When you go shopping for a retail product — be it clothing, music, movies, food or any consumer item — you usually go to pick a product and leave. While you are shopping, though, you might purchase items above and beyond what you hoped to get. This is part of the retailer’s aim — to get you to buy more than you originally wanted, with the hope that you buy something you need. Yet even the smallest retail store is overwhelming for any shopper with a limited schedule or with limited funds. The items that are marketed the best are usually those on endcaps or in the middle row of items in an aisle. This is extremely limiting, though, because it removes the chance to find obscure items that might actually be relevant for the consumer’s needs or wants.
I believe that a relevancy engine such as CRITEO could be utilized outside of the web, directly by retailers. I can imagine two functions in the retail environment — one that would require almost no real initial or long term investment, and one that would require an initial investment but not much longterm commitment. Both ideas would be wonderful for consumers, distributors (the store) and producers (the manufacturers).
The first idea would be the receipt ad. Right now, if you go to a grocery store in the U.S., you are usually offered coupons from competitors of the products you actually bought. When I purchase cat food from Fancy Feast, I usually get coupons to try a competitor’s cat food. I usually toss these coupons since I rarely find reason to switch products — even if I can save financially. The time investment to try the product really precludes me taking the risk on a new product. This is common for most consumers, the great majority who are not enticed by coupons or sales. While we may not be interested in purchasing competitive products, I do believe many consumers would be interested in a form of direct-marketing based on their selected items. If the retailer can input your purchases into a relevancy engine such as CRITEO’s, they could offer you real-time items that might complement what you’re buying. If I am buying cat food and cat litter, I might be interested in some support products such as cat toys or cat shampoo — items that are not promimently displayed and might be passed by my consumer eyes. If I am buying eggs and bacon, such a relevancy system might remind me that I need toast or milk. If I am a regular visitor to a particular chain of stores, the relevancy system might even go so far as look at my recent purchases and notify me if I haven’t bought a particularly relevant item as I had in the past. The CRITEO API should allow for not just comparison with other shoppers like me, but with my own shopping history! Also, the store could allow for the ability to produce a “reminder list” not just on my receipt, but also when I enter the store. A quick swipe of my preferred customer card should allow the store to print a list of items I might need, items I might not know about, or items that others like me purchased and liked.
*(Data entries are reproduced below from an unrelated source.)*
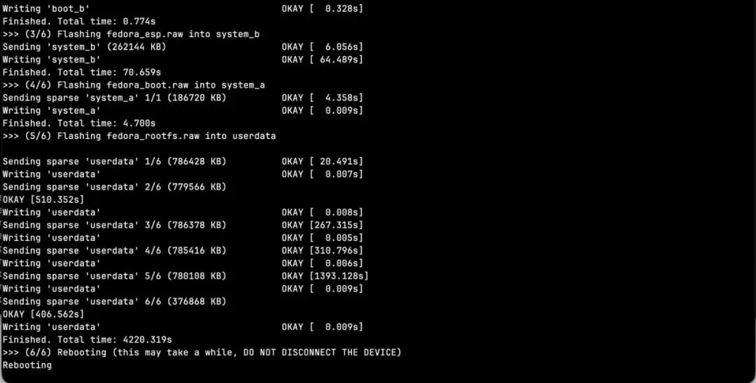 下载并解压后,按住手机电源键和音量减键进入fastboot模式,然后刷入镜像即可。你可以直接按照官方说明操作,不过我在操作时,脚本执行到重启阶段时,手机停留了半小时仍无反应,最后是我手动重启的。
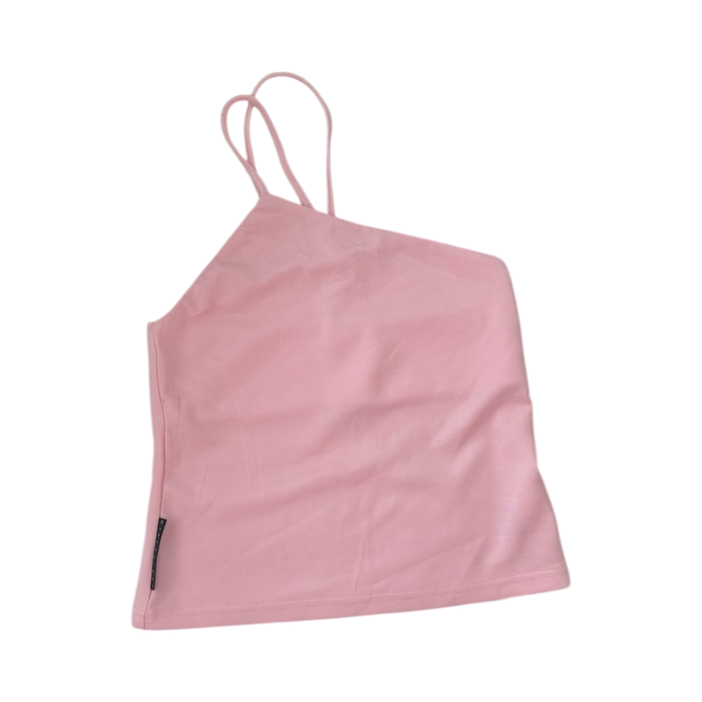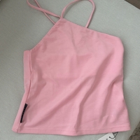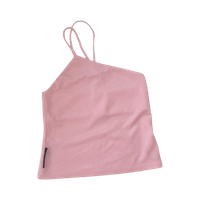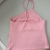 Hihaton vaaleanpunainen toppi ohuilla olkaimilla. Halter neck. Voi pitää myös yhdellä olalla olkaimia
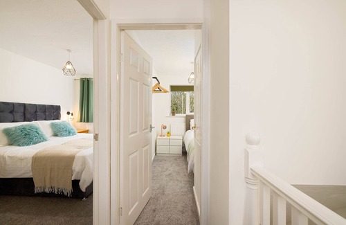 A contemporary detached 3 bed house is located in Manchester. A contemporary detached 3 bed house provides accommodation, featuring Parking, Security/Safety, Bedding/Linens, among other amenities. This House features Parking, Security/Safety, Bedding/Linens, to make your stay a comfortable one.

Should I return an item I tried based on a suggestion of the relevancy predictor, I should be able to rate that item (either in the store, or possibly online). The store should give me a reward for returning the item AND rating it. These ratings would allow the prediction engine to remove other items that I probably won’t like. This is using a conglomeration of many individuals to provide for very unique relevant items for each individual separately.
The second item that would be amazing would be a real-time analyzer. The days of electronics being integrated in odd ways is coming ahead. The shopping cart hasn’t changed in decades. Can you imagine a shopping cart with a integrated LCD display? When you pick up an item, you can quickly barcode scan that item (or do it instantly with RFID) with the display to show you other items that can integrate with the item I am purchasing, or give me a heads up to what I might actually like. If I put eggs and milk in my cart but not cereal or bacon, the cart can easily diagnose my past performance and find items I normally buy (again, integrating with purchase history to not remind me about things I bought within the last week or whatever time frame). The cart can offer me intriguing purchase ideas — maybe the cart can even let me know of recipes I might like based on the items I’ve bought — recipes that could use just one or two additional purchases to finalize.
Surely such a shopping cart would be an expense to purchase, but a retailer would not have to make a significant number of them available. If a consumer is interested in new items, they can use the interactive cart. The return-on-investment should be huge since the cart is a one-time purchase, whereas the relevancy engine is a set cost with a return of some kind.
The relevancy predictor market is one that is focused mostly on the web, but it is short-sighted to think that it must stick ONLY with the web. By providing off-the-shelf turnkey solutions for even small retailers, the relevancy engine could increase its reach by orders of magnitude. Retailers want more information for their users to use, but most are closed off from the emerging technology scene. Could a relevancy predictor engine be integrated to the retail market? Absolutely!